Man and Woman He Created Them

Image: The Creation of Adam (1510), from the ceiling of the Sistine Chapel by Michelangelo, downloaded from Wikimedia. The image and title are inspired by Pope Saint John Paul II's Theology of the Body published as Man and Woman He Created Them.
By sharing his story, Tom Hoopes has given me a gift. I've had a similar experience which I've almost always shared as part of the story of my return to the Catholic Church, but I've not been able to connect it well with the whole of my reversion to the faith. That is, this experience, which I know is a significant part of my faith journey, never seemed to fit well with with the rest of my journey. It's been a puzzle piece that never seemed to fit in with the rest of the puzzle of my life.

In early 1995, when I had already been long lapsed in the practice of my faith, I had a similar powerful experience. Of his experience (which is similar to mine), Tom Hoopes writes, "I didn’t see any visions, feel a physical sensation, or hear an audible voice, but I remember it vividly, and it was unmistakably him." Until now, the penny had not dropped, but now, in a concrete way, I see "it was unmistakably him." In pride, I might give my intellect all the credit, but in reality it was by the grace of God. I came to the realization and knowledge that contraception was immoral. God smiled upon me.

I was tapping away on my 386 while listening to C-SPAN in the background. And on the TV, there was a talk or forum on what we would understand now to be about LGBT rights. A man, who I think was a journalist, asked a question, something like, "if heterosexuals can do it, why can't homosexuals do it?" I don't remember exactly what the question was, but it set off a train of thought that brought me to the conclusion that contraception was immoral. My first thought was a humble one, and I think that this is important to note, since it signifies the softening of my heart to an encounter with the truth.

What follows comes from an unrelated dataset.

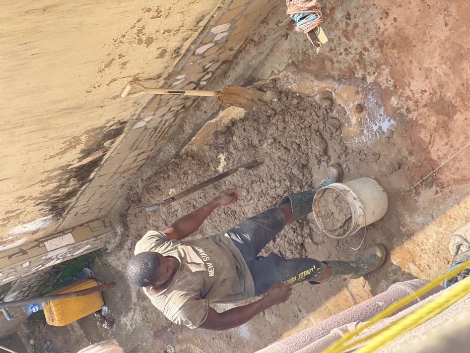 The image displays an outdoor work scene in Umunekwu, Nigeria
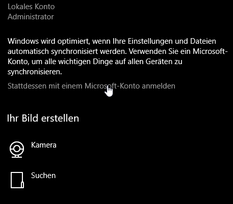 ich verzweifel hier gerade. Ich würde mich gerne anstellen mit meinem Lokalen, dem MS-Account anmelden.

In 1995, like most or many people of that time, I could have been reasonably characterized as a homophobe. Back then, I could never knowingly have had a friendship with a gay man. The thought of sodomy brought about only a visceral reaction and it was a strong one. "Icky" and "gross" are far too weak to express my feelings. But my first thought to this man's question was "he's right!" or "he has a point!" And so I questioned: why should I consider the homosexual act to be wrong? Why is the heterosexual act okay? I thought, is marriage that which "blesses" the sexual act, so that if we allowed homosexuals to marry, then the homosexual act would be okay? Intuitively, I dismissed that as an arbitrary logical move. So I asked, why marriage? (whisper: children). What is it about marriage which makes the heterosexual act morally acceptable? And I realized that the procreative aspect is the key to understanding why the heterosexual act within marriage is morally acceptable. And on the flip side, I realized that if contraception is morally acceptable then anything is morally acceptable—for once procreation is "logically" separated from the sexual act, all judgments on the morality of consenting sexual acts are arbitrary and visceral.

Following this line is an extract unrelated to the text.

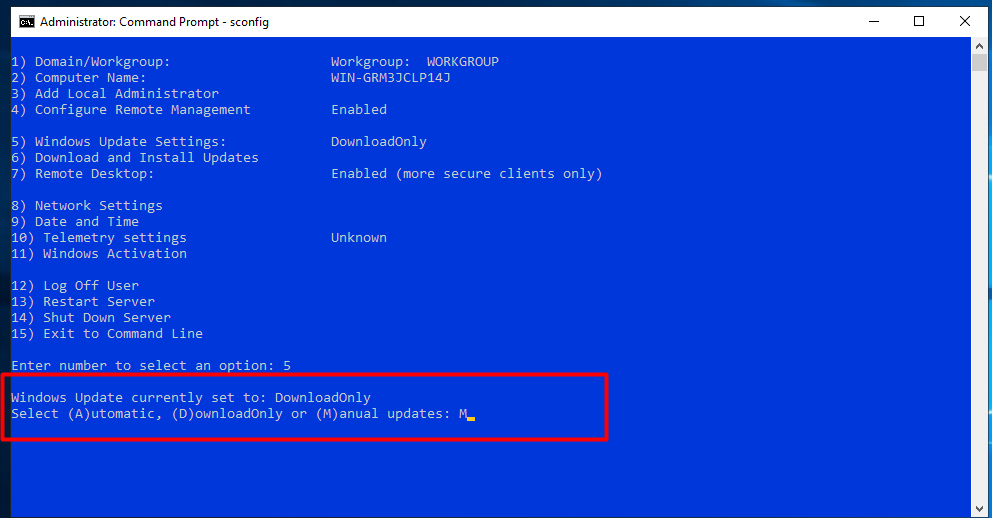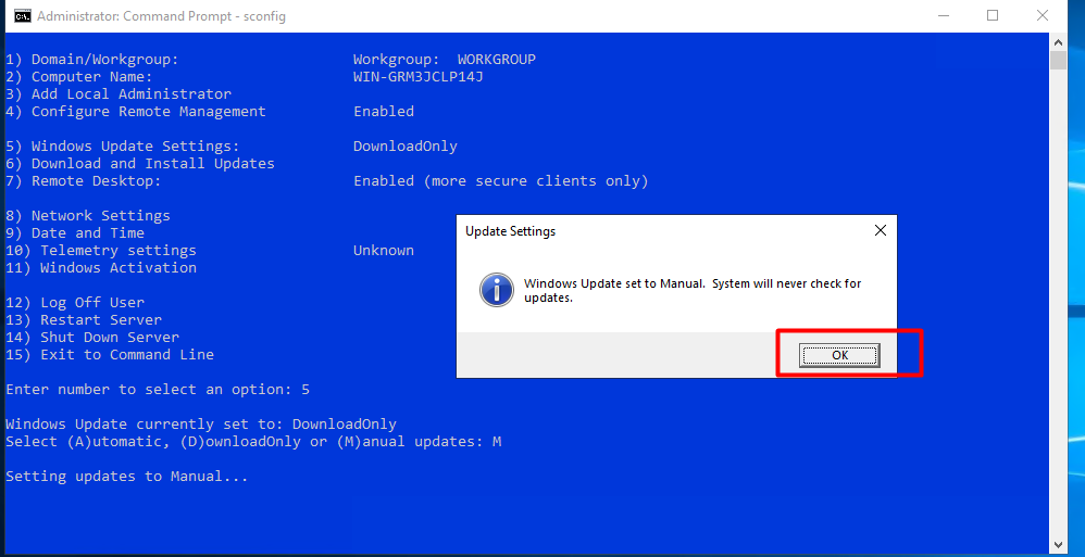 Cách 2: Tắt cập nhật bằng PowerShell (sử dụng lệnh sconfig)

My thoughts were more primitive then, but under the guidance of the Church's Magisterium, the teachings of the Church, I've come to a more mature understanding of the meaning of human sexuality. Indeed, the Church's teaching on human sexuality has been a motive of credibility for me, evidence that through the Church, a divine light shines in the world. It is as the hymn goes, I once was blind, but now I see.